Exercise brief: Without any pictures, retype exactly the lines that begin at the one holding "Zestaw 6 plastikowych" and end at the last line of the data below.

Dataset section:
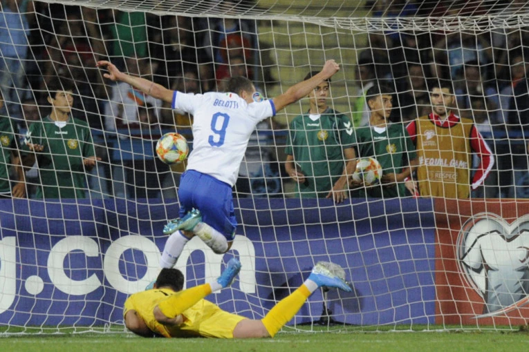 Foto: Tanjug/APBeloti u 22. i Berardi u 68. minutu doneli su trijumf ''azurima'', a selekcija BiH je ostala na samo dva osvojena u ovoj grupi, pa će se u sledećem ciklusu takmičiti u nižem rangu, u Ligi B.
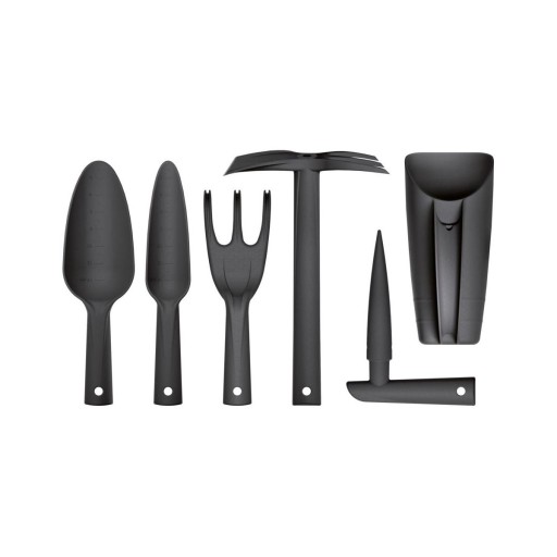 Zestaw 6 plastikowych narzędzi przeznaczonych do różnych prac ogrodowych. W skład zestawu wchodzi : nabieraczka, pazurki, łopatka ogrodnicza, motyczko-pazurki, pikownik, wąska łopatka do niewielkich roślin. Narzędzia wykonane z trwałego tworzywa sztucznego.
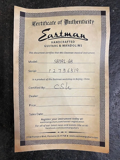 Левая гитара Eastman SB59 в цвете Goldburst (глянцевый Truetone)

Result for this exercise:
 Zestaw 6 plastikowych narzędzi przeznaczonych do różnych prac ogrodowych. W skład zestawu wchodzi : nabieraczka, pazurki, łopatka ogrodnicza, motyczko-pazurki, pikownik, wąska łopatka do niewielkich roślin. Narzędzia wykonane z trwałego tworzywa sztucznego.
 Левая гитара Eastman SB59 в цвете Goldburst (глянцевый Truetone)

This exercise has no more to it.